CATIE ANTI-HIV AGENTS: Syphilis drug dropped

ANTI-HIV AGENTS: Syphilis drug dropped

TreatmentUpdate40: February 1993
Sean Hosein

In 1990 researchers at The University of Pittsburgh reported that an arsenic compound, oxophenarsine, (Mapharsen(R)) was able to block HIV production in experiments with cells. Viral replication was suppressed in cells chronically infected with HIV. Drugs such as AZT, ddC and ddI cannot stop HIV replication in these cells. An HIV-infected cell can produce virus which can move from one cell to another infecting the previously uninfected cell. Such cell-to-cell infection continues despite the use of AZT and the presence of anti-viral antibodies. Researchers are thus testing thousands of compounds for their potential anti-HIV activity.

How It Works

Oxophenarsine was used in the pre-penicillin era for the treatment of syphilis. That an antibiotic can have anti-HIV activity is not surprising. Scientists in several laboratories in different countries have reported that antibiotic treatment of HIV-infected cells has prolonged their survival or prevented their death. It is thought that the antibiotics kill microorganisms called mycoplasma which may be a co-factor in the death of HIV-infected cells. Researchers working with the Parke-Davis company have recently completed laboratory experiments with oxophenarsine. According to their results oxophenarsine inhibits replication of HIV-l and HIV-2. The anti-viral activity of the drug varied depending on the type of cell used in the experiments. As well, to improve the efficiency of the drug's anti-viral action, higher concentrations of oxophenarsine were used but the drug appeared to cause some toxicity.

Problems

The Parke-Davis researchers did mention that oxophenarsine, when used to treat syphilis, had to be given intravenously because of poor absorption when administered orally. When used to treat syphilis, oxophenarsine was given to patients on an intermittent basis, otherwise arsenic concentrations would build up and cause toxicity.
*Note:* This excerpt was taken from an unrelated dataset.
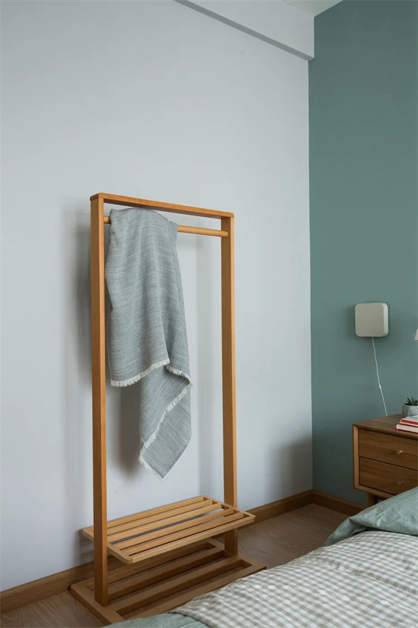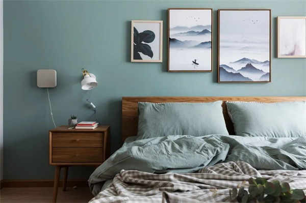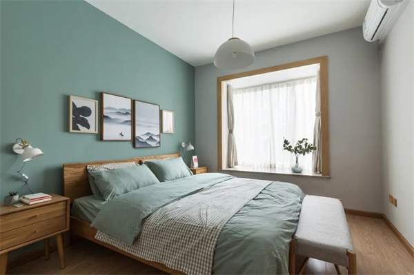 主卧以淡绿灰搭配天然木质的艺术挂画作为床头背景,配合同色系的床品,带来一种柔和的舒适感。原木床架质朴而富有质感,与淡绿灰的床品组合在一起,呈现出一种轻松自然的协调美。

It is interesting that the researchers at Parke-Davis cite the poor oral absorption and the need for intravenous administration, in addition to its potential toxicity, as reasons not to pursue further testing of the drug for the treatment of HIV-infected people. Improvements in capsule technology since oxophenarsine was first used might make oral use of the drug possible. That anti-viral drugs can cause toxic side effects is not a recent problem and has certainly not stopped doctors from prescribing drugs such as AZT and ganciclovir. As oxophenarsine was introduced over 40 years ago there may also be issues relating to patent rights and thus potential profits. These issues were not discussed in the report from Parke-Davis.

REFERENCES:

1. Gupta P, B alachandran R, Thampatty P, et al. Oxophenarsine, an anti syphilis drug inhibits HIV-1-specific protein synthesis in acutely and persistently infected lymphocytes. AIDS Research and Human Retroviruses 1990:6(12):1417-1423.

2. Holland LE, Buthod JL, Kowal CD and Antonucci TK. Characterization of oxophenarsine as a potential antiviral agent for AIDS. AIDS Research and Human Retroviruses 1992;8(9):1717-1722.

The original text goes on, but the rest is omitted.